Contrairement à de nombreuses croyances, le premier lait produit après l'accouchement n'est pas un lait « sale » ou « mauvais » pour le bébé. Ce lait, appelé colostrum, est au contraire l'un des plus précieux que le bébé reçoit dans sa vie, notamment à cause de sa richesse en anticorps naturels.
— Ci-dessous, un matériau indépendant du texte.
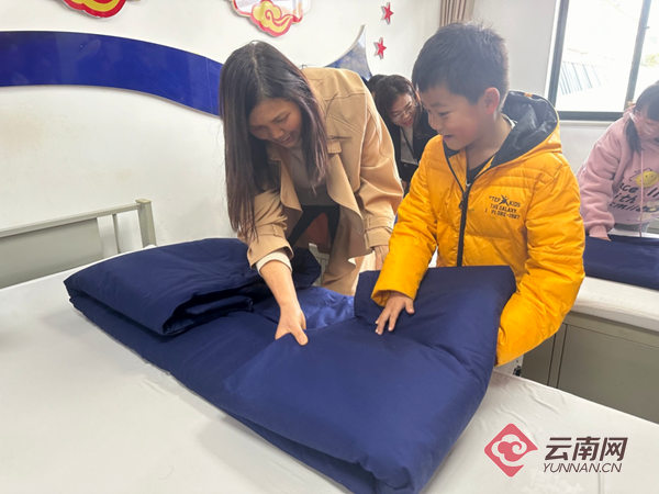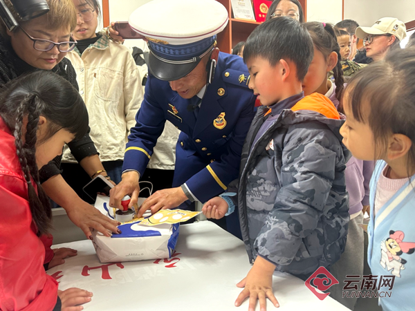 在曲靖市紫云路特勤站“永山班”,孩子们参加了穿戴灭火战斗服、抢险救援服、叠“豆腐块”、安全隐患排查、消防安全知识问答四个环节的挑战活动,在挑战中获取印章和小礼品。

Pourtant, dans de nombreuses communautés, une croyance tenace pousse encore certaines mamans à le jeter et à ainsi refuser ce précieux lait à leurs bébés.
Dans cet article, Génération qui ose vous propose de revenir sur l’importance de garder ce lait.
Une fausse croyance encore répandue
Dans plusieurs communautés africaines, le premier lait maternel - plus épais et de couleur jaune dorée souvent - est perçu comme impur, périmé, ou simplement « pas encore du vrai lait ». Cette croyance n'est pas propre à un seul pays : des études menées dans différents pays d'Afrique et d’Amérique montrent que le colostrum est parfois assimilé à un lait « de mauvaise qualité ». Une perception qui pousse certaines familles à le faire éliminer avant de commencer l'allaitement, parfois au profit d'eau, de tisanes traditionnelles ou d'autres liquides donnés au nouveau-né dans ses tout premiers jours.
Dans plusieurs pays, ces croyances autour du colostrum figurent parmi les principales raisons pour lesquelles l'allaitement maternel exclusif, recommandé par l'OMS et l'UNICEF dès la naissance, n'est pas toujours respecté pendant les premiers jours de vie du bébé.
Ce que dit la science
Or, la réalité est exactement inverse de la croyance. Le colostrum est un concentré exceptionnel d'anticorps - en premier lieu les immunoglobulines A (IgA) - qui tapissent les muqueuses intestinales et respiratoires du nouveau-né et forment une véritable barrière protectrice contre les infections. Sa concentration en anticorps peut être jusqu'à cent fois supérieure à celle du lait maternel mature qui lui succède quelques jours plus tard.
Il contient également de la lactoferrine, qui limite le risque infectieux et protège le microbiote intestinal du bébé, ainsi que des globules blancs et des facteurs de croissance qui soutiennent la maturation du système digestif et immunitaire. Sa texture épaisse et sa faible teneur en graisses et en lactose en font par ailleurs un aliment parfaitement adapté à l'estomac minuscule et encore immature du nouveau-né. Contrairement à une idée reçue, sa quantité réduite (quelques millilitres par tétée) n'est pas un défaut, mais une adaptation précise aux besoins du bébé dans ses premières heures de vie.
C'est d'ailleurs cette richesse qui lui a valu son surnom de « gouttes d'or » ou « or liquide » : peu de quantité, mais une concentration en protection inégalée à aucun autre moment de la vie.
Une couleur qui n'a rien d'anormal
La couleur jaunâtre du colostrum, souvent à l'origine de la méfiance, n'a rien d'inquiétant : elle est due à sa forte concentration en bêta-carotène, un pigment naturel, et ne signale en aucun cas un lait périmé ou impropre. C'est au contraire un signe de sa densité nutritionnelle exceptionnelle.
L'Organisation mondiale de la santé et l'UNICEF recommandent que l'allaitement soit initié dans l'heure qui suit la naissance. Une stratégie fondée sur les bénéfices démontrés du colostrum et de l'allaitement précoce. Cette première mise au sein ne sert pas seulement à nourrir le bébé : elle stimule la production de lait chez la mère, favorise le contact peau à peau, et pose les bases du lien mère-enfant dès les premières heures de vie.
Ce qu'il faut retenir
Ce premier lait n'est ni sale, ni mauvais. C'est au contraire l'un des cadeaux les plus précieux qu'une mère puisse offrir à son enfant dès sa naissance. Peu de quantité, mais une protection immunitaire inégalée dans les toutes premières heures de sa vie.